## What the task requires
When you reach the line containing "Детски килим STELLA" in the records below, set it down exactly, together with every later line through the end, but not the pictures.
** Supplied data follows **
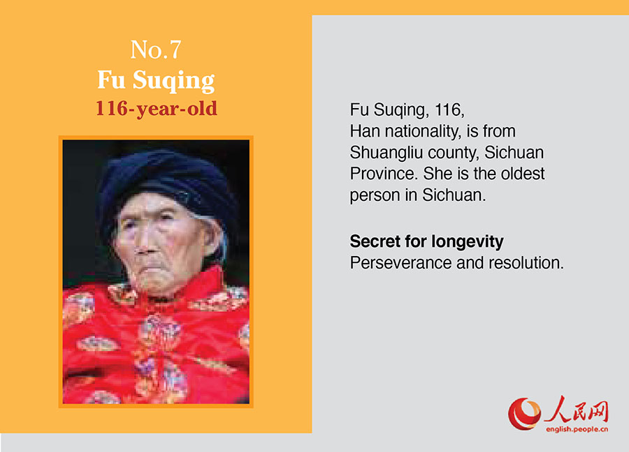 On Oct. 21, the Gerontological Society of China unveiled the list of the 10 oldest living people in China. Their average age is 119.7 years old. Of the 10, one is male and the others are female. They are from 7 provinces and 6 different ethnic groups. The three oldest ones are from Xinjiang.
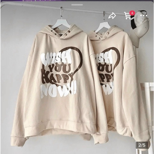 ÁO HOODIE NỮ VẢI NỈ WISH YOU HAPPY PHỐI NÚT CỔ CÁ TÍNH THỜI TRANG
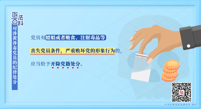 《中國(guó)共產(chǎn)黨紀(jì)律處分條例》第三十條第三款規(guī)定,黨員有嫖娼或者吸食、注射毒品等喪失黨員條件,嚴(yán)重?cái)狞h的形象行為的,應(yīng)當(dāng)給予開除黨籍處分。
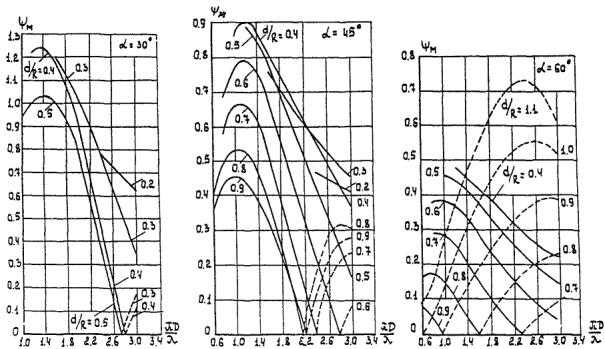 где bроr - коэффициент дополнительного опрокидывающего момента от воздействия волн на дно преграды с учетом проницаемости основания, определяемый по черт. 5. 2.3.8. Избыточное над гидростатическим волновое давление Р, кПа, в произвольной точке смоченной поверхности вертикальной цилиндрической преграды в момент времени, соответствующий наступлению максимумов нагрузок qmax и Qmax, следует определять по формуле
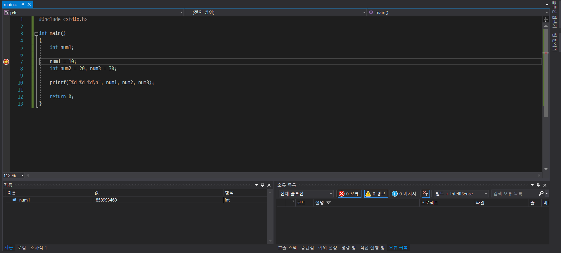 참고로 한 프로젝트에 main 함수가 여러 개일 경우 컴파일 오류가 뜬다.
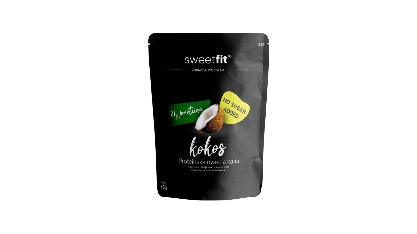 Sweetfit PROTEINSKA OVSENA KAŠA - kokos je potpuno izbalansirana proteinska kaša na bazi ovsenih pahuljica, obogaćena whey proteinom i zdravim mastima. Ne sadrži dodatni šećer i konzervanse. Pored proteina Sweetfit PROTEINSKA OVSENA KAŠA -kokos sadrži visok nivo vlakana i mali procenat šećera. Bilo da želite da smršate, dobijete mišićnu masu ili jednostavno samo da se malo zdravije hranite Sweetfit PROTEINSKA OVSENA KAŠA - kokos je tu! Idealna za doručak, užinu ili obrok posle treninga.
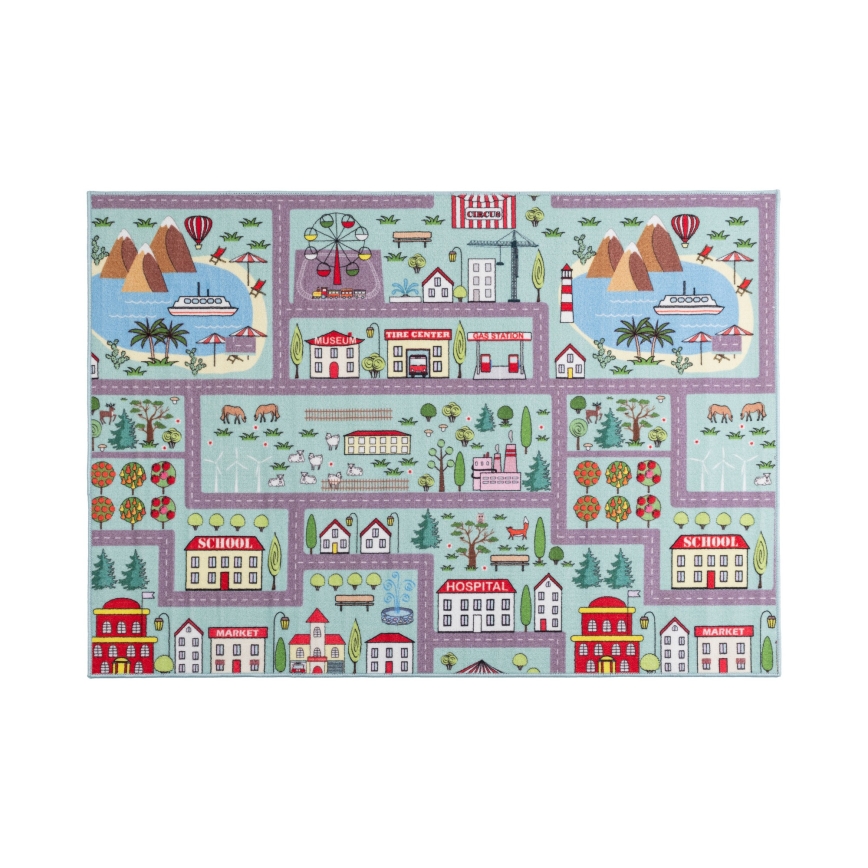 Детски килим STELLA STREETS 100x150 cm тюркоаз/град
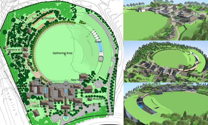 The hotel was planned as a land-scraper that blends with the terrain to complement and enhance the existing bowl-shaped land-form and the mountains in the background.
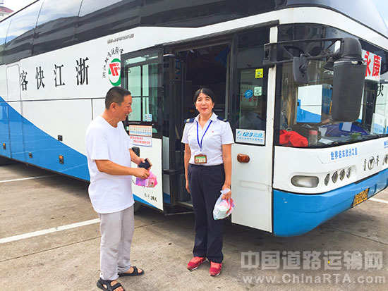 7月5日下午,烈日当空,骄阳似火。浙江双飞客运分公司二车队队长朱跃俊和管理人员到永康客运西站,一一向即将发往各地的客运班车司乘人员发放防暑药品。当永康至金华班车乘务员陈伟玉接过朱队手中防暑药品时开心地说:“谢谢关心。也替旅客们感谢你们,当旅途中旅客遇身体不适,防暑药品可缓减中暑之类的症状”。
** End of Supplied data **
## Task output
 Детски килим STELLA STREETS 100x150 cm тюркоаз/град
 The hotel was planned as a land-scraper that blends with the terrain to complement and enhance the existing bowl-shaped land-form and the mountains in the background.
 7月5日下午,烈日当空,骄阳似火。浙江双飞客运分公司二车队队长朱跃俊和管理人员到永康客运西站,一一向即将发往各地的客运班车司乘人员发放防暑药品。当永康至金华班车乘务员陈伟玉接过朱队手中防暑药品时开心地说:“谢谢关心。也替旅客们感谢你们,当旅途中旅客遇身体不适,防暑药品可缓减中暑之类的症状”。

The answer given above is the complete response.